DATA SUPPLIED:
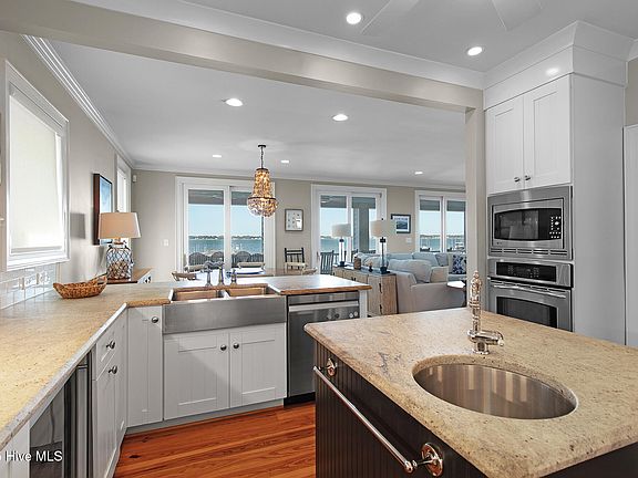 Welcome to 204 Shoreline Dr, a stunning waterfront retreat where every floor captures breathtaking views of Bogue Sound. Beautifully furnished and designed for life on the water, this home invites you to move in and spend your days boating, fishing, and unwinding on the spacious double porches overlooking the Sound. The first floor offers the perfect transition from outdoor living to indoor comfort with durable tile flooring, a den with built-ins and kitchenette, and a flex room. A full bath and laundry area open to the covered porch and outdoor shower—the perfect place to rinse off after a day on the boat before dropping towels and swimsuits in the laundry. An exterior cargo lift makes it effortless to move items to the second floor, where a wall of glass doors frames panoramic water views and opens to the covered porch. Light fills the open living area as hardwood floors flow into the bright, coastal kitchen with stainless steel appliances, a generous island, and a breakfast bar. Gather around the cozy fireplace or open the glass doors to let in the cool breeze and enjoy the water views from indoors or out. The first bedroom is ideal for guests with queen and twin beds and easy access to the hall bath, while three primary suite options offer flexibility. The first features an ensuite with a spacious vanity, while second offers a dual-vanity ensuite and porch access. Upstairs, the expansive third-floor suite is a private retreat with sweeping water views and an ensuite bath. A large private dock with two boat lifts, a fish cleaning station, and dock box makes it effortless to cast a line, launch your next adventure, or relax as the sunset reflects across the sound. The two-car garage with a workbench and full-size refrigerator provides plenty of space for gear. Combining the charm of coastal living with the convenience of a prime location near dining, shopping, beaches, and more, 204 Shoreline Dr offers the ideal setting to live your dream waterfront lifestyle.
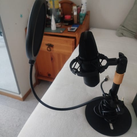 Nesten ikke brukt. Kjøpt i juli 2025. Superlux SoloCast mikrofon med kompakt og fleksibel design. Mikrofonen har plug and play-funksjon, trykk for å dempe og kardioide polarmønster. Støtter Hi-Res lyd med 24bit/96kHz oppløsning. Leveres med mikrofonstativ og USB-kabel.
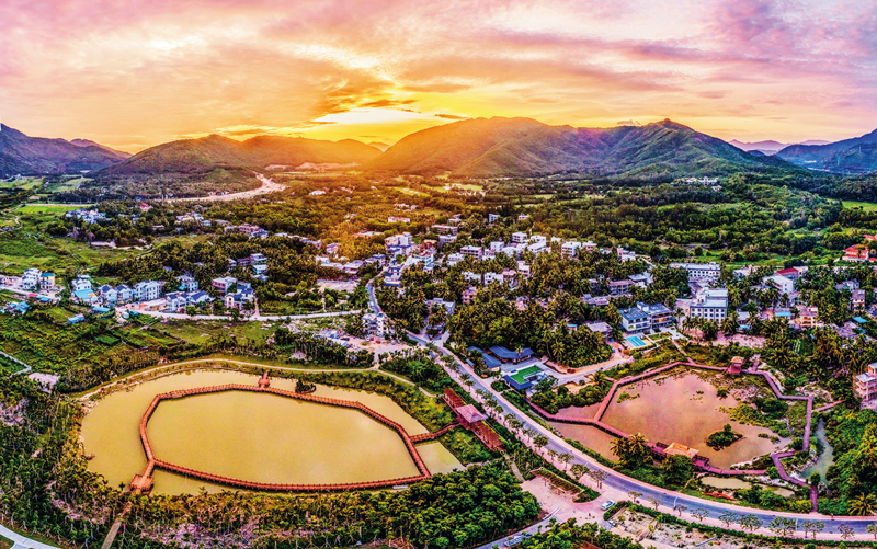 博后村是海南黎族聚居村庄,也是三亚市革命老区。2013年4月9日,习近平总书记到博后村考察时提出“小康不小康,关键看老乡”,这句话从此深深扎根于3600多名博后村村民心底,也鼓舞全国亿万老乡奋力奔小康。近年来,博后村先后被评为海南五星级美丽乡村、海南省卫生村、海南五椰级乡村旅游点、全国乡村旅游重点村,2019年村民人均收入达到24520元。图为博后村俯瞰图。 三亚市吉阳区委宣传部供图 孟志军/摄
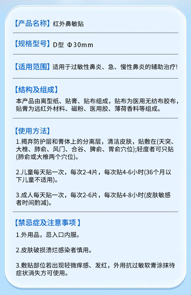 修正D型Φ30mm红外鼻敏贴过敏性鼻窦炎成人专用鼻痒塞通气鼻贴
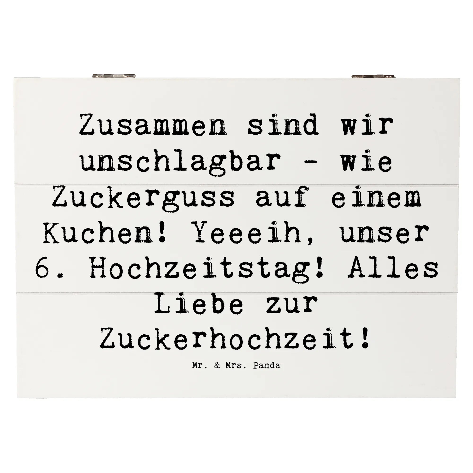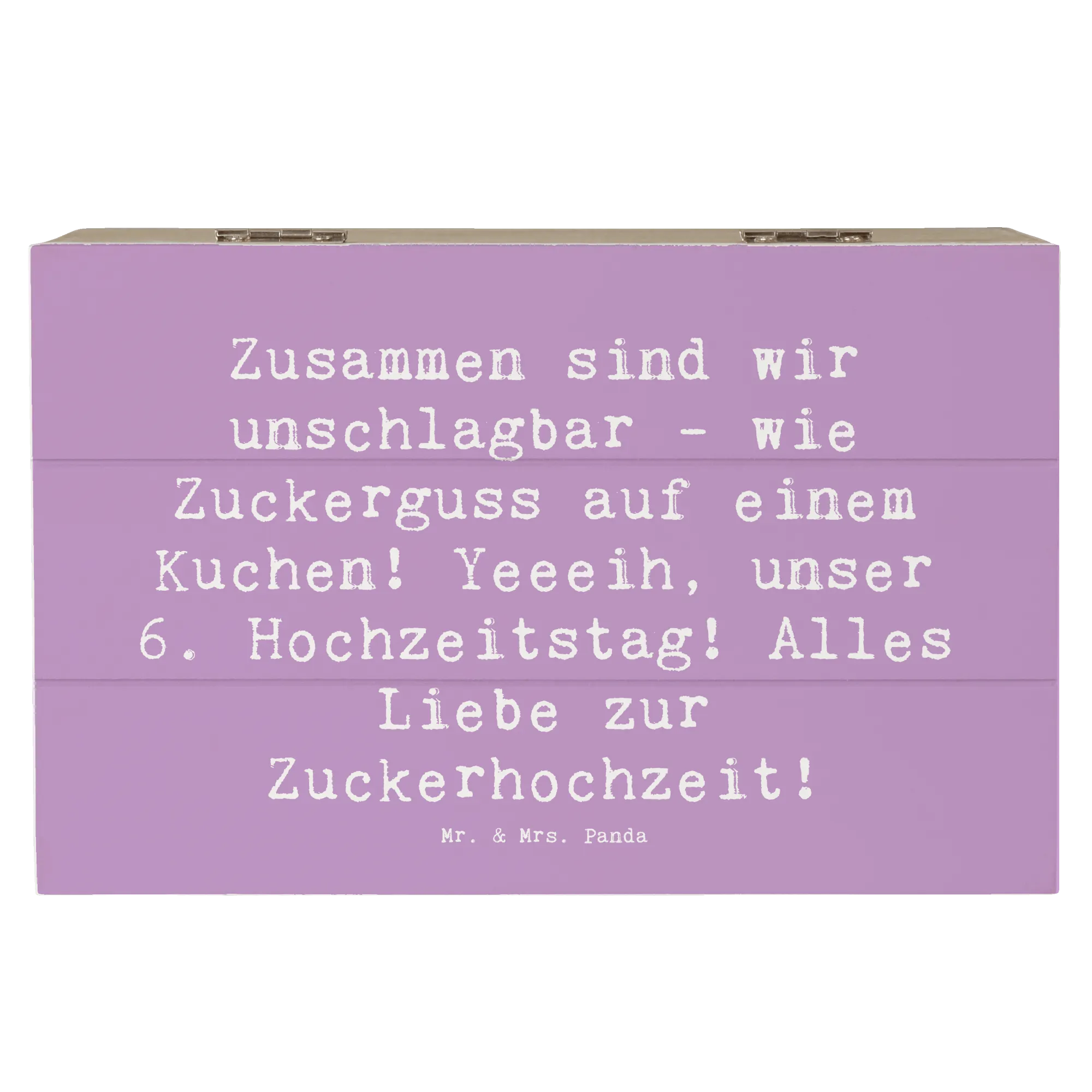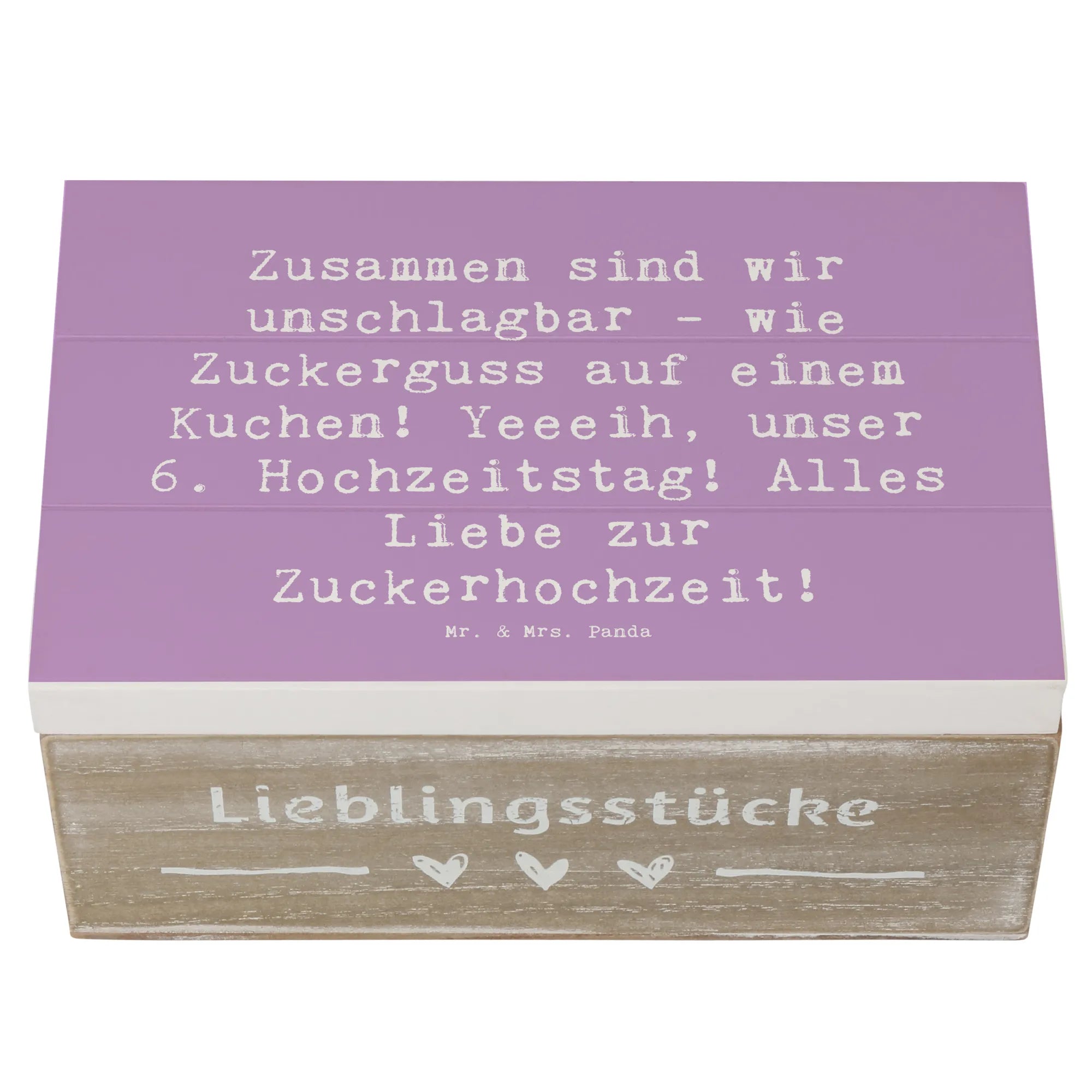 Entdecke die wunderschöne Holzkiste zum 6. Hochzeitstag, die aus robuster Holzfaser gefertigt ist und mit dem herzlichen Spruch "Zusammen sind wir unschlagbar - wie Zuckerguss auf einem Kuchen! Yeeeih, unser 6. Hochzeitstag! Alles Liebe zur Zuckerhochzeit!" verziert ist. Diese Erinnerungskiste eignet sich perfekt, um besondere Schätze und Erinnerungen aufzubewahren. Egal, ob du Fotos, kleine Geschenke oder Andenken aus deiner gemeinsamen Zeit darin verstauen möchtest – diese nostalgische Schatzkiste ist ideal dafür!
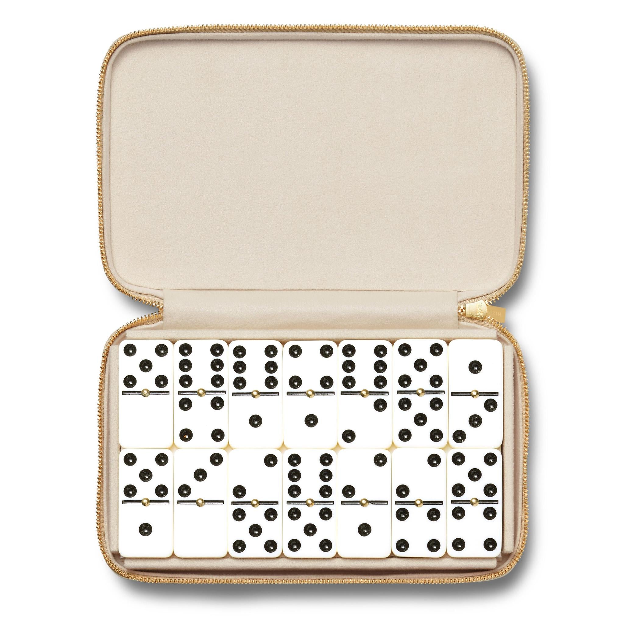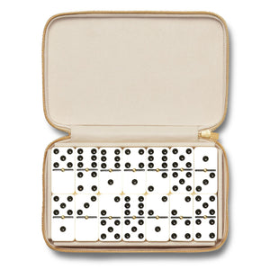 The Enzo Travel Domino Set conveniently holds a set of Double Six dominoes with brass spinners. The case, crafted in Italian Croc Embossed Leather with a zipper, is practical enough to include in a carry-on bag while traveling, but attractive enough to store on a tabletop or a bookshelf at home.

TASK TO CARRY OUT: Give the listing again word for word. Skip any pictures.

RESPONSE TO THE EXERCISE:
 Welcome to 204 Shoreline Dr, a stunning waterfront retreat where every floor captures breathtaking views of Bogue Sound. Beautifully furnished and designed for life on the water, this home invites you to move in and spend your days boating, fishing, and unwinding on the spacious double porches overlooking the Sound. The first floor offers the perfect transition from outdoor living to indoor comfort with durable tile flooring, a den with built-ins and kitchenette, and a flex room. A full bath and laundry area open to the covered porch and outdoor shower—the perfect place to rinse off after a day on the boat before dropping towels and swimsuits in the laundry. An exterior cargo lift makes it effortless to move items to the second floor, where a wall of glass doors frames panoramic water views and opens to the covered porch. Light fills the open living area as hardwood floors flow into the bright, coastal kitchen with stainless steel appliances, a generous island, and a breakfast bar. Gather around the cozy fireplace or open the glass doors to let in the cool breeze and enjoy the water views from indoors or out. The first bedroom is ideal for guests with queen and twin beds and easy access to the hall bath, while three primary suite options offer flexibility. The first features an ensuite with a spacious vanity, while second offers a dual-vanity ensuite and porch access. Upstairs, the expansive third-floor suite is a private retreat with sweeping water views and an ensuite bath. A large private dock with two boat lifts, a fish cleaning station, and dock box makes it effortless to cast a line, launch your next adventure, or relax as the sunset reflects across the sound. The two-car garage with a workbench and full-size refrigerator provides plenty of space for gear. Combining the charm of coastal living with the convenience of a prime location near dining, shopping, beaches, and more, 204 Shoreline Dr offers the ideal setting to live your dream waterfront lifestyle.
 Nesten ikke brukt. Kjøpt i juli 2025. Superlux SoloCast mikrofon med kompakt og fleksibel design. Mikrofonen har plug and play-funksjon, trykk for å dempe og kardioide polarmønster. Støtter Hi-Res lyd med 24bit/96kHz oppløsning. Leveres med mikrofonstativ og USB-kabel.
 博后村是海南黎族聚居村庄,也是三亚市革命老区。2013年4月9日,习近平总书记到博后村考察时提出“小康不小康,关键看老乡”,这句话从此深深扎根于3600多名博后村村民心底,也鼓舞全国亿万老乡奋力奔小康。近年来,博后村先后被评为海南五星级美丽乡村、海南省卫生村、海南五椰级乡村旅游点、全国乡村旅游重点村,2019年村民人均收入达到24520元。图为博后村俯瞰图。 三亚市吉阳区委宣传部供图 孟志军/摄
 修正D型Φ30mm红外鼻敏贴过敏性鼻窦炎成人专用鼻痒塞通气鼻贴
 Entdecke die wunderschöne Holzkiste zum 6. Hochzeitstag, die aus robuster Holzfaser gefertigt ist und mit dem herzlichen Spruch "Zusammen sind wir unschlagbar - wie Zuckerguss auf einem Kuchen! Yeeeih, unser 6. Hochzeitstag! Alles Liebe zur Zuckerhochzeit!" verziert ist. Diese Erinnerungskiste eignet sich perfekt, um besondere Schätze und Erinnerungen aufzubewahren. Egal, ob du Fotos, kleine Geschenke oder Andenken aus deiner gemeinsamen Zeit darin verstauen möchtest – diese nostalgische Schatzkiste ist ideal dafür!
 The Enzo Travel Domino Set conveniently holds a set of Double Six dominoes with brass spinners. The case, crafted in Italian Croc Embossed Leather with a zipper, is practical enough to include in a carry-on bag while traveling, but attractive enough to store on a tabletop or a bookshelf at home.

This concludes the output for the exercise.